1.Department of Pathology, Faculty of Medicine, UKM Medical Centre, Kuala Lumpur, Malaysia
2.Department of Medical Sciences II, Faculty of Medicine, Universiti Sains Islam Malaysia, Kuala Lumpur, Malaysia
Citation : Azma RZ,et.al, "A Comparative Study of Red Blood Cell Parameters of Alpha and Beta Thalassaemia Patients Diagnosed in University Hospital in a Cheras, Malaysia" ARC Journal of Hematology. 2018 ; 3(1) : 23-27.

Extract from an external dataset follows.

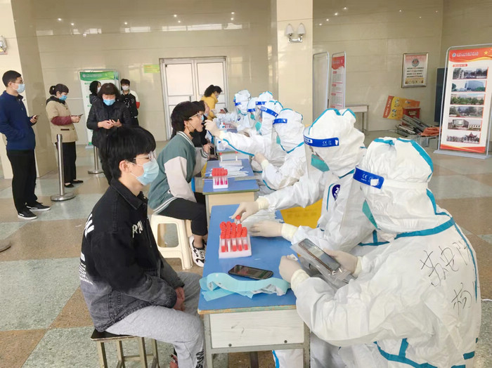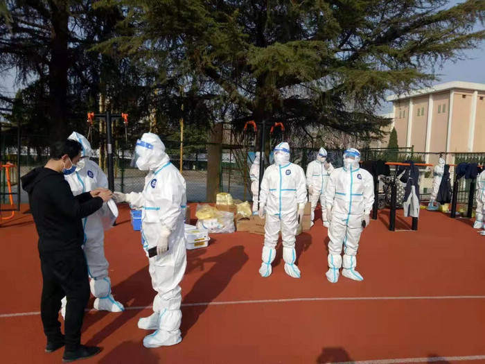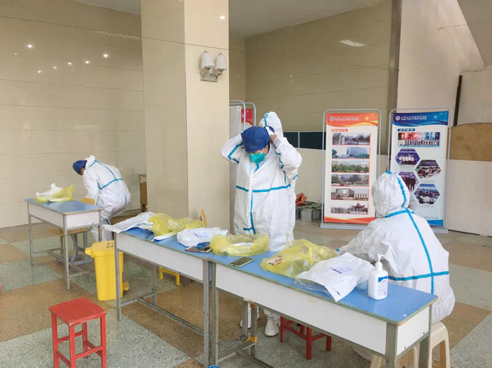 经学院协调,后勤部门与贾汪区相关单位配合,贾汪校区的辅助核酸检测志愿者服务队走上了疫情防控的一线。在这段时间的“慢生活”中,有的人“慢下来”了,而还有很多人继续保持着“加速度”。每天早�7点,这支志愿者分队是这个非常时期的校园中第一批走向岗位的人。在经过医务工作者的无菌操作专业培训,每天在岗的志愿者队伍已经掌握了防护服的规范穿脱、防护装备的穿戴以及核酸检测信息的规范录入�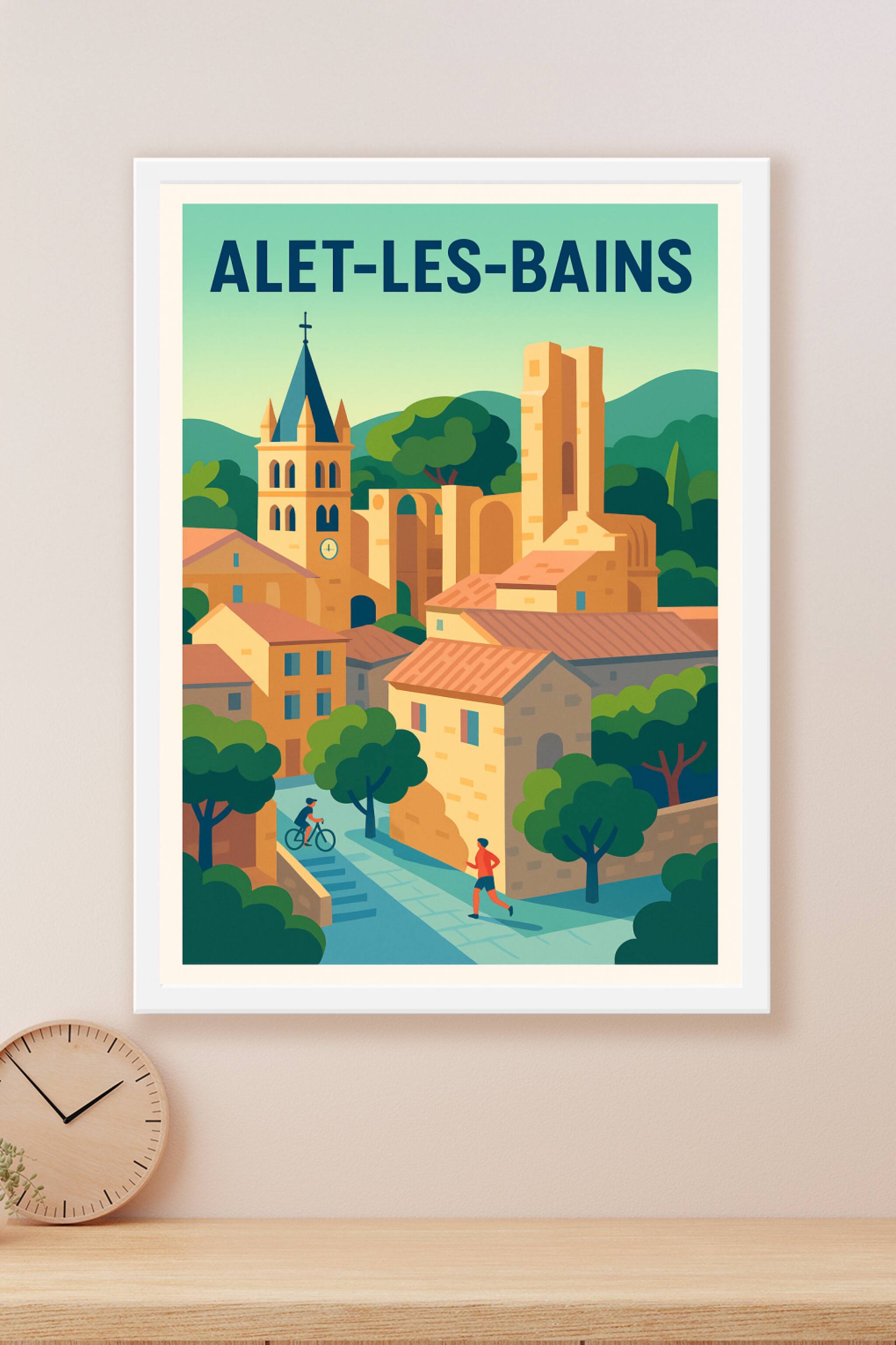 Découvrez l'élégance paisible d'Alet-les-Bains à travers cette affiche illustrée au style vintage et coloré. Cette représentation met en lumière le...

Thalassaemia is the most common inherited haematological disorder in Malaysia. Red blood cell parameters analysis is the fastest and cheapest way to screen for thalassaemia trait. This study was performed to compare red blood cell parameters of alpha (α) and beta (β) thalassaemia patients diagnosed at UKM Medical Centre (UKMMC). Study was performed on 299 samples received by Haematology Laboratory, UKM Medical Centre for full blood count. Hb analysis and DNA analysis for α and β-globin gene abnormalities analysis were performed on samples with thalassaemic trait red cell indices. α and β-globin gene mutations or deletions were detected by multiplex polymerase chain reaction (PCR). Red blood cell parameters of the samples were retrieved from Intergrated laboratory management system (ILMS). Only samples with thalassaemia trait were selected for this study. The mean values for Hb, RBC, MCV and MCH were compared between α- and β- thalassaemia traits patients using student paired t-test. Out of 299, 160 (53.5%) patients were α thalassaemia trait and remaining 139 (46.5%) were β-thalassaemia trait. The most common genetic abnormalities for α-thalassaemia were αα/--SEA(48.8%) followed by αα/-α3.7 (34.7%), αα/ ααCS (4.1%), -α3.7/-α3.7 (3.5%) and αα/-α4.2 (2.9%). For β-thalassaemia, haemoglobin (Hb) E (cd26) was found to have the highest frequency (49.6%) followed by cd41/42 (18.7%), IVS1-5 (15.1%), IVS2-654 (5.7%), IVS1-1 (5.7%) and cd17 (5.04%). The overall means of Hb, RBC and MCV were significantly higher in α-thalassemia patients compared to β-thalassemia patients (p< 0.05). The red blood cell parameters for α - thalassaemia traits appeared to be higher than β-thalassaemia traits. The differences in red blood cell parameters in first line screening for thalassaemia carriers appear to be useful in the strategy for a cost-effective decision on further confirmatory tests to be done.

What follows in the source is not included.